The cemetry – place of mobilization
The authorities wanted to bury Jina Amini hastily at night. Her family prevented it. They blocked the ambulance carrying her body. Her funeral service at the Aichi cemetery in Saqqez, Kurdistan Province, turned into a mass anti-regime protest, with mourners chanting „Death to the dictator“ and „Our shame, our stupid supreme leader“; some women took off their headscarves. The funeral mobilized to revolt. Recognizing the loss of her natural body, Jina Amini emerged as a political „body“ effective beyond death. „Dear Jina. You do not die. Your name will become a symbol“, was written on her first tombstone. It was to be so. In her absence, Jina Amini has political agency. Her image has become the reference of a protest for life, the hashtag of her name is the catchword of a revolutionary movement. The Islamic Republic’s policy of death has failed here; the intention to kill the dead person once again was defeated. It could not be prevented that the dead body became a symbolic-political one, which „does not die“ in death, but affects people from the grave and is effective in the political process of the revolutionary movement.
Grief and vulnerability
What is it about grief that can move and unite people in protest? Feminist philosophy has explored the relationship between mourning and the social in terms of the concept of vulnerability.
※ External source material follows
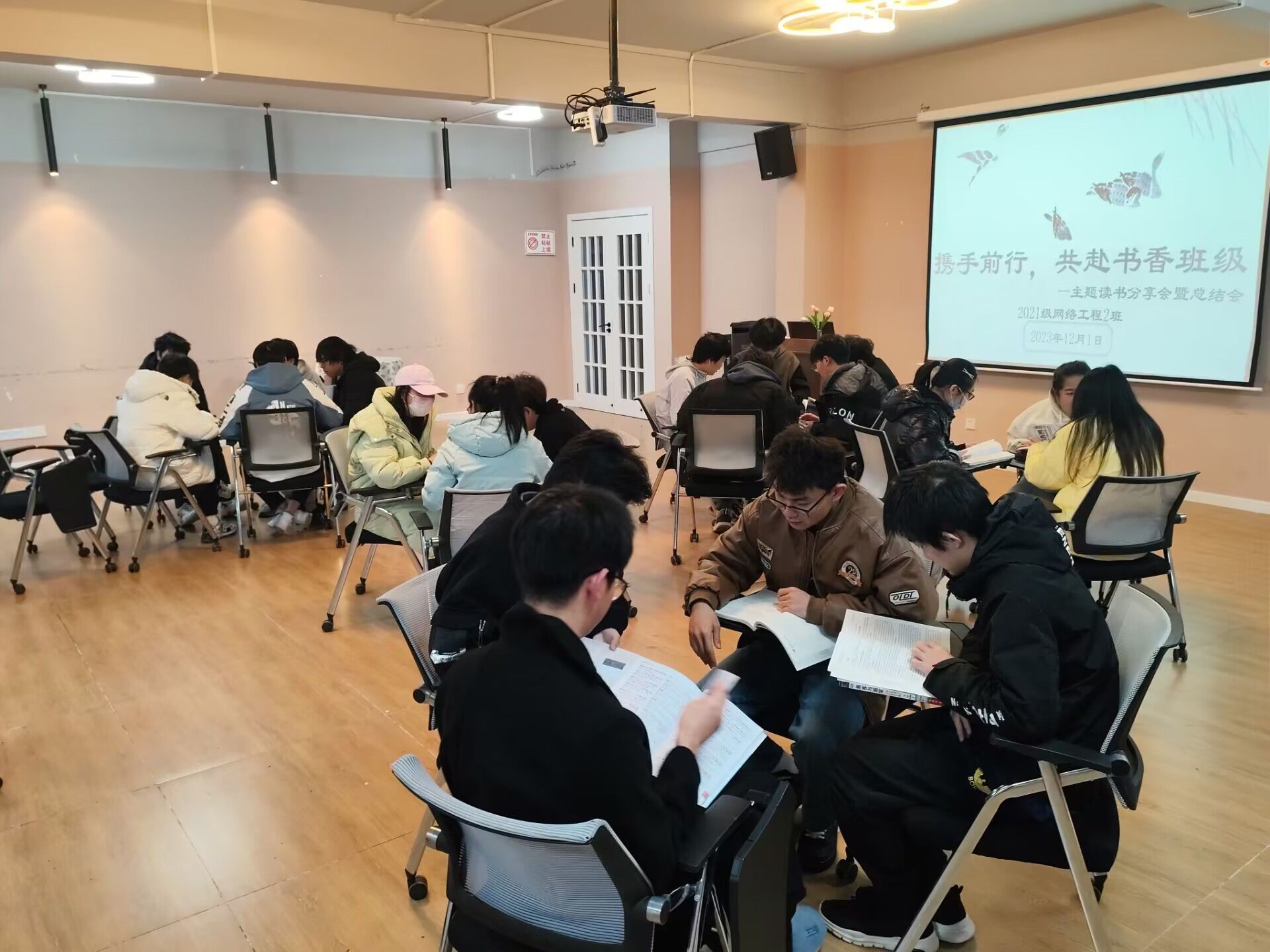 读万卷书,行万里路。为了增强同学们的读书兴趣,提高同学们的自身能力,文化素养,实现成长目标,奏完满华章。信息安全学院2021级网络工程2班于2023年12月1日在小石潭·多功能活动室开展书香阅读分享会暨总结会,引导同学们向热爱读书、丰富个人精神文化世界的道路发展。本次分享会与总结会由班级文体委员崔扬君为大家主持。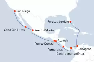 Itinerario : Fort Lauderdale, Cartagena, Canal panama (Enter), Canal panama (Exit), Puntarenas, Acajutla, Puerto Quetzal, Puerto Vallarta, Cabo San Lucas, San Diego

In the essay collection „Precarious Life. The Powers of Mourning and Violence“, Judith Butler describes human beings as “socially constituted bodies” attached to others and at risk of losing those attachments. The fact that they are dependent on attention and care, that they can hurt and be hurt; that they are, according to Butler, „a site of publicity, at once assertive and exposed“ is inscribed in their bodily existence. The autonomy of human beings is limited in this vulnerability. In mourning it expresses itself affectively. The pain of a loss shows that the self is dependent on the other; that the „you“ is part of the „I.“ Grief, Butler writes, brings „to the fore the relational ties“ and a „sense of political community of a complex order.“ Thus, by pointing to our ontological entanglement, it exposes a „we.“ Grief, one might conclude, is a practice of connectedness that can be articulated in succor, protest, and other forms of communion.
Mourning as resistance
The very fact that not every life is mourned shows that mourning is political. Because, according to Butler, „certain forms of grief become nationally recognized and amplified, whereas other losses become unthinkable and ungrievable“, she distinguishes between grievable and ungrievable lives. In political systems such as the Islamic Republic, an official cult of mourning such as that surrounding the Islamic Republic’s „martyrs“, e.g., former Quds Brigades commander Qassem Soleimani, is flanked by the practice of a death policy that declares other lives unworthy of being mourned. In such a regime, it is resistance to show grief at all, and, like the woman in the video of the protest in Kerman, to cut one’s hair in public. And even more: it is a practice of protest in solidarity, which, as a non-ideological gesture of attention to the other, addresses life itself and thus connects people. As a form of protest and a revolutionary symbol, the gesture of mourning not only mobilizes people against the Islamic Republic’s policy of death, but also brings connectivity, respect for vulnerability and recognition of life into circulation as political values.